**Information supplied**:
========

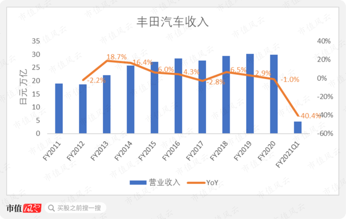 丰田汽车在5月12号的业绩发布会上给出了非常悲观的预期:预计2021财年(注:丰田的财年截止于当年的3月底)收入将同比下滑20%,营业利润将同比减少80%。
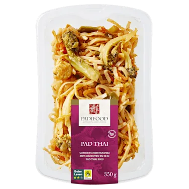 Gewokte rijstnoedels met groenten en ei in pad thai saus
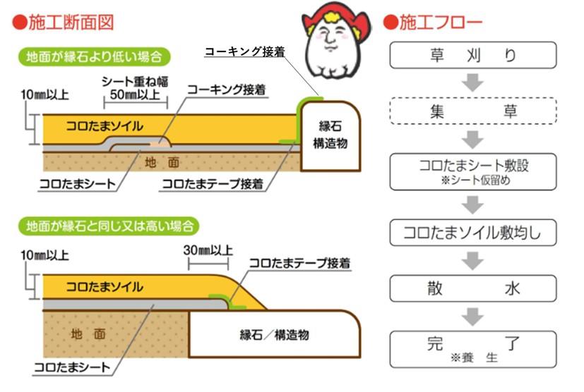 「かまださんのコロンブスのたまご」は、コロたまシートとコロたまソイルを現場で重ね合わせる複合一体型防草材です。

========

**What the task requires**: All of the material above should be copied exactly, minus the pictures.

**Solved exercise**:
 丰田汽车在5月12号的业绩发布会上给出了非常悲观的预期:预计2021财年(注:丰田的财年截止于当年的3月底)收入将同比下滑20%,营业利润将同比减少80%。
 Gewokte rijstnoedels met groenten en ei in pad thai saus
 「かまださんのコロンブスのたまご」は、コロたまシートとコロたまソイルを現場で重ね合わせる複合一体型防草材です。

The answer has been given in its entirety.